Fernab der Realität – Politik und energetische Sanierung
Bei der energetischen Sanierung kommt Deutschland nicht voran. Warum, hat Dr. Oliver Arentz kürzlich in der Frankfurter Allgemeinen Zeitung erläutert. Die Gesetzgebung vergisst den Faktor „Mensch“. Das belegt der stellvertretende Geschäftsführer des Kölner Instituts für Wirtschaftspolitik in seinem Artikel sehr schlüssig.
Wer energetisch saniert, verbraucht weniger Energie. Wer das glaubt, hat noch nie etwas von Verhaltenswissenschaften gehört. Das freiwerdende Einkommen kann man schließlich genauso gut nutzen, um mehr zu heizen! Eine andere Hypothese besagt: Hauseigentümer unterlassen energetische Maßnahmen, weil sie nicht ausreichend über die wirtschaftlichen Vorteile informiert sind. Tatsächlich aber haben viele Eigentümer Energieeffizienzmaßnahmen bereits durchgeführt. Relativ preiswerte Varianten wie die Dämmung des obersten Geschosses zum Beispiel. Nur: Weiterführende Maßnahmen lohnen sich in vielen Fällen kaum. Selbst wenn die Besitzer einen Kredit bei der staatlichen Förderbank KfW aufnehmen. Wer hätte das gedacht? Die Leute können selbstständig rechnen.
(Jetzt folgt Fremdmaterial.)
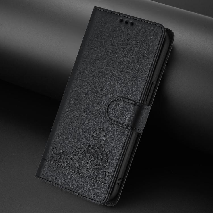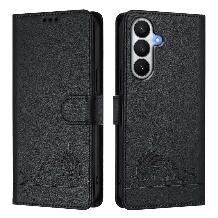 For Samsung Galaxy S26 Pro 5G Cat Rat Embossed Pattern RFID Leather Phone Case with Lanyard(Black)
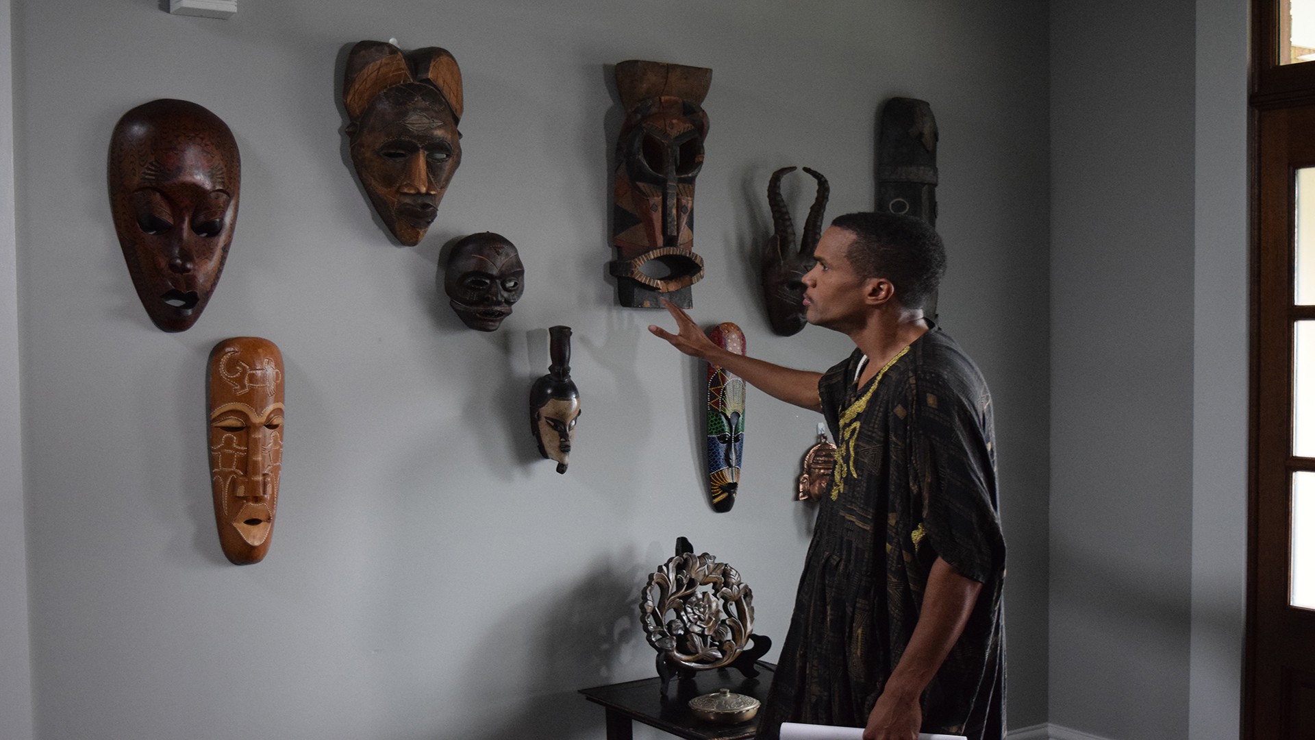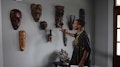 Jeanette Osborne se regala un juego de máscaras haitianas para decorar la casa de sus sueños en California que comparte con su esposo Bob Griffith y su hijo Grier de 12 años.

Ebenfalls wenig durchdacht ist die Novelle der Energieeinsparverordnung aus diesem Jahr. Diese schreibt eine Verschärfung der Neubaustandards vor. Der Effekt ist absehbar – Bauen wird teurer. Eine Preissteigerung von vermutlich 5 Prozent trifft besonders Hausbauer aus dem mittleren bis niedrigen Preissegment. Und den sozialen Wohnungsbau, für den sich sowieso kaum private Investoren finden. Neben den anfänglichen Baukosten steigen zudem die Lebenszykluskosten der Immobilien. Denn die entsprechenden Anlagen müssen gewartet und instandgehalten werden. Das Schlimmste an der Neureglung ist jedoch, dass sie ihre Wirkung verfehlt. Bei einer Neubauquote von derzeit 0,5 Prozent ist nämlich nicht davon auszugehen, dass der Klimaeffekt besonders hoch ausfällt.
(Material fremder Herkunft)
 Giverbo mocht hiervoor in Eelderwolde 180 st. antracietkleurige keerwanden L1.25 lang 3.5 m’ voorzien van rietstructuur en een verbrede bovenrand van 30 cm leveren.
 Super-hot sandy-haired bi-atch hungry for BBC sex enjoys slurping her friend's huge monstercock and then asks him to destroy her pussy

Wie sieht es bei den Häusern im Bestand aus? Um die Klimaziele zu erfüllen, ist eine Verdopplung der Sanierungsrate von aktuell einem auf zwei Prozent notwendig. Eine große Hürde bei der Verwirklichung dieses Ziels ist die Struktur des Häusermarktes. Drei Viertel aller Wohnungen gehört Privatpersonen. Deren betriebswirtschaftliche Interessen sind vielfältig. Senioren kalkulieren anders als junge Leute, Familien anders als Alleinstehende. Die pauschalen gesetzlichen Vorgaben werden der Wirklichkeit nicht gerecht. Ebenso wenig werden die Modellrechnungen der Gesetzgeber den Lebenszyklen der Häuser gerecht. Diese basieren auf der Annahme, dass ohnehin umfassende Sanierungen anstehen. Doch ein Haus mit geklinkerten Außenwänden hat einen Zyklus von bis zu 150 Jahren. Dass ausgerechnet jetzt Baumaßnahmen fällig sind, ist folglich unwahrscheinlich.
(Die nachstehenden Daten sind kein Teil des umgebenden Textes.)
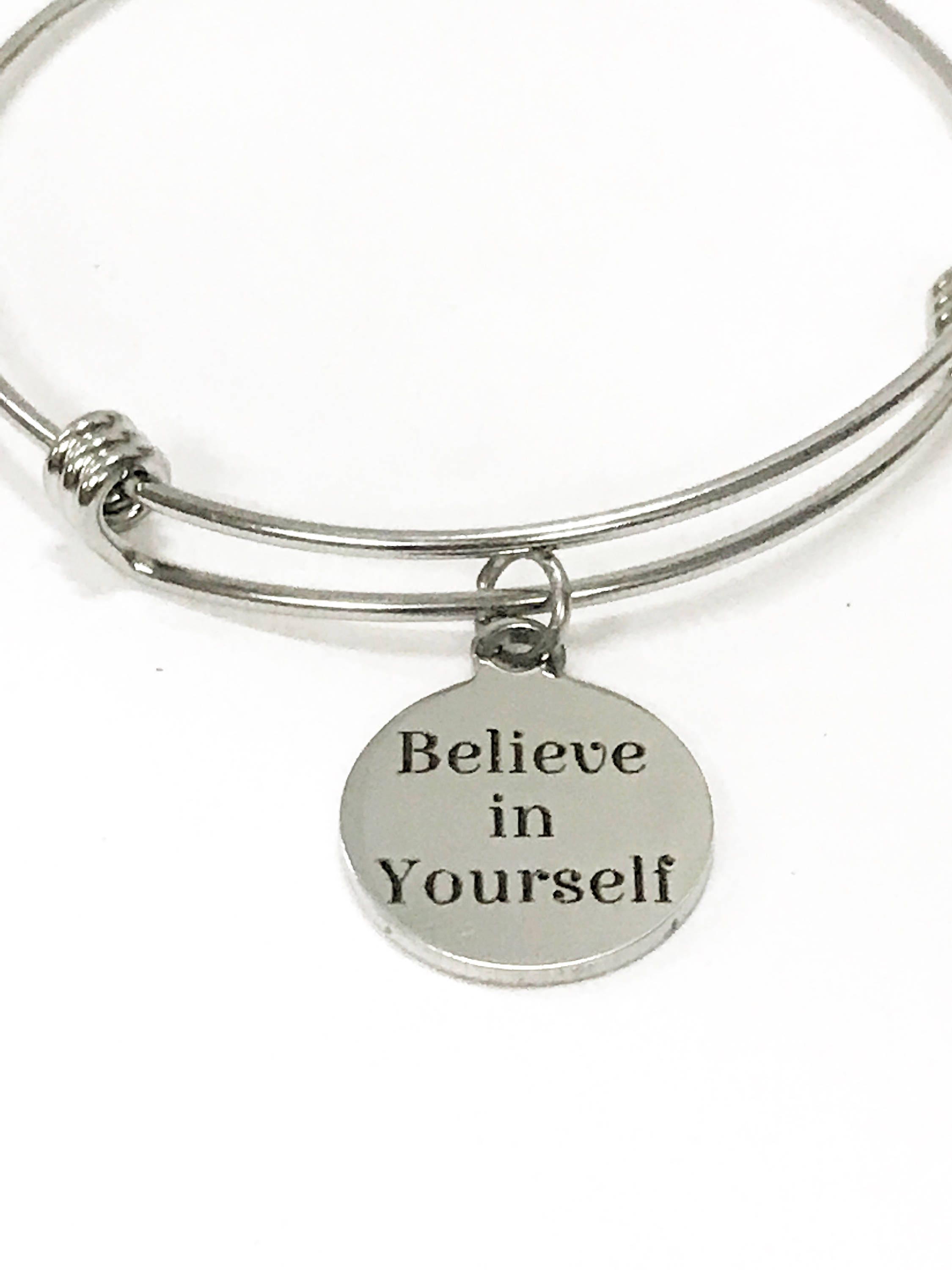 This is a beautiful bangle bracelet with a laser engraved stainless steel charm that has "Believe In Yourself" on it. This bracelet is made of stainless steel to withstand regular wear without tarnishing or changing colors.

Weiter ergänzt Arentz seine Kontra-Liste um einen Punkt, der in den technischen Bereich gehört – Brand- und Schimmelrisiken, welche eine Hausdämmung nachweislich mit sich zieht. Die daraus resultierenden Folgekosten sind nicht in den Modellrechnungen eingepreist, was die Ergebnisse zu Ungunsten der Hausbesitzer verzerrt.
Der Autor schwingt sich schließlich zu einer Generalkritik auf. Gebäudebesitzer sind in der Regel nicht am unteren Rand der Gesellschaft zu finden, erhalten aber Subventionen und steuerliche Begünstigungen, wenn sie sanieren. Das widerspräche dem Grundsatz der Umverteilung von oben nach unten. Besonders kritisch: Obwohl kein Zusammenhang mit dem Klimaschutz gegeben ist, profitieren Hauseigentümer mit den höchsten Grenzsteuersätzen am stärksten von Steuervorteilen. Zuletzt äußert Arentz den Verdacht, dass die Subventionen Ursache für den starken Preisanstieg „energietechnisch relevanter Bauelemente“ sind. Man möchte ihm beipflichten.
Als Richtschnur für die Zukunft rät Dr. Arentz in den Vorschriften „Spielraum für einfache und flexible Lösungen zu lassen“. Und auch da möchte man ihm beipflichten.